_WHAT THIS TASK INVOLVES_
An exact reproduction is required of the lines from the beginning of the entries through the line with "5-Piece Creative Play: Kids", pictures excluded and nothing added.

_PROVIDED ENTRIES_
┌──
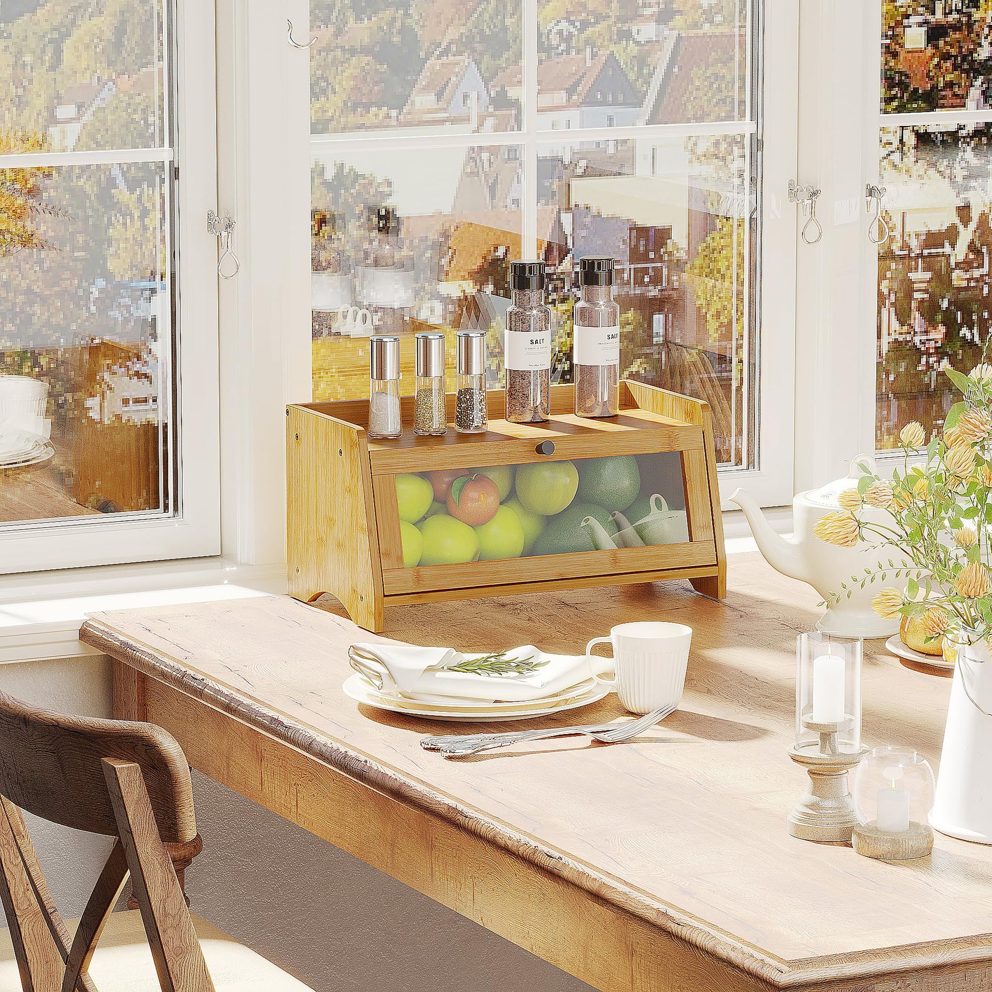 [Premium Bamboo Bread Keeper] Crafted from eco-friendly bamboo with a durable matte black finish, this bamboo bread box features a scratch-resistant acrylic window for quick visibility. Stores artisanal breads, cheeses, and baked goods while complementing modern kitchens.
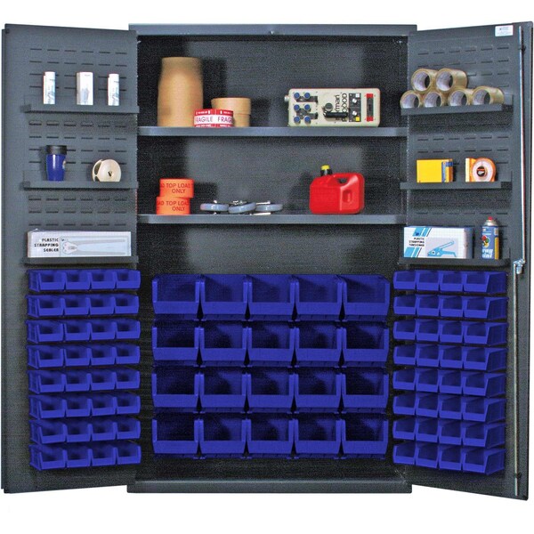 Heavy-Duty 48'' Bin Cabinet, 48''W x 24''D x 78''H, 400 lb. capacity per interior and 60 lb. per door shelf, 14 gauge all welded construction, includes: 2 adjustable interior and 6 door shelves; 20 QUS240 and 64 QUS220 blue bins, gray powder-coated finish
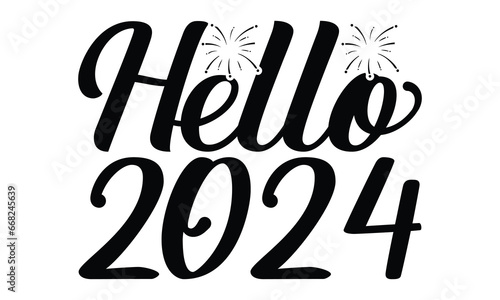 Hello, 2024 -Happy New Year T-shirt Design, Hand drawn calligraphy vector illustration, Illustration for prints on t-shirts and bags, posters
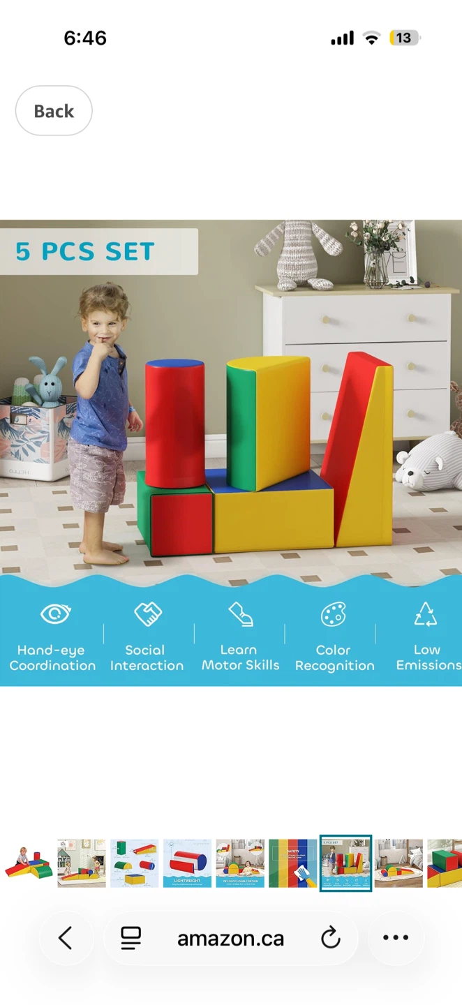 5-Piece Creative Play: Kids can spark imagination by rebuilding these multicoloured, mix-and-match foam blocks with any combination, suitable for climbing, sliding, and mastering motor skills.
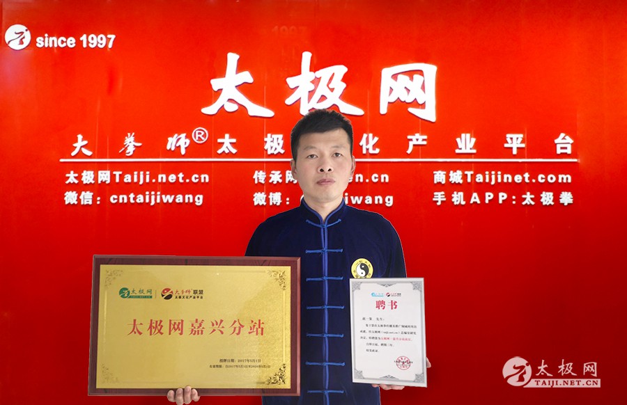 (太极网嘉兴讯)5月24日,太极网(taiji.net.cn)嘉兴分站正式挂牌成立,平湖市陈家沟一剑太极培训中心总教练赵一鉴出任嘉兴分站站长。 赵一鉴在接受太极网嘉兴分站站长聘任时表示,感谢全球首家太极拳门户网站太极网总部对自己的信任,太极网嘉兴分站的建立对推动嘉兴及其周边地区太极拳的推广和传播意义重大,后续将会和总部加强联系合作,带领太极网嘉兴分站在太极文化传播推广以及太极拳传承谱系建设推广上积极展开工作,为太极拳传承人、拳师、拳馆服务,致力于打造一个让广大太极拳爱好者互通有无、相互交流、共同进步的平台,共同为弘扬太极拳、传播太极文化不懈努力!
└──
_EXERCISE SOLUTION_
 [Premium Bamboo Bread Keeper] Crafted from eco-friendly bamboo with a durable matte black finish, this bamboo bread box features a scratch-resistant acrylic window for quick visibility. Stores artisanal breads, cheeses, and baked goods while complementing modern kitchens.
 Heavy-Duty 48'' Bin Cabinet, 48''W x 24''D x 78''H, 400 lb. capacity per interior and 60 lb. per door shelf, 14 gauge all welded construction, includes: 2 adjustable interior and 6 door shelves; 20 QUS240 and 64 QUS220 blue bins, gray powder-coated finish
 Hello, 2024 -Happy New Year T-shirt Design, Hand drawn calligraphy vector illustration, Illustration for prints on t-shirts and bags, posters
 5-Piece Creative Play: Kids can spark imagination by rebuilding these multicoloured, mix-and-match foam blocks with any combination, suitable for climbing, sliding, and mastering motor skills.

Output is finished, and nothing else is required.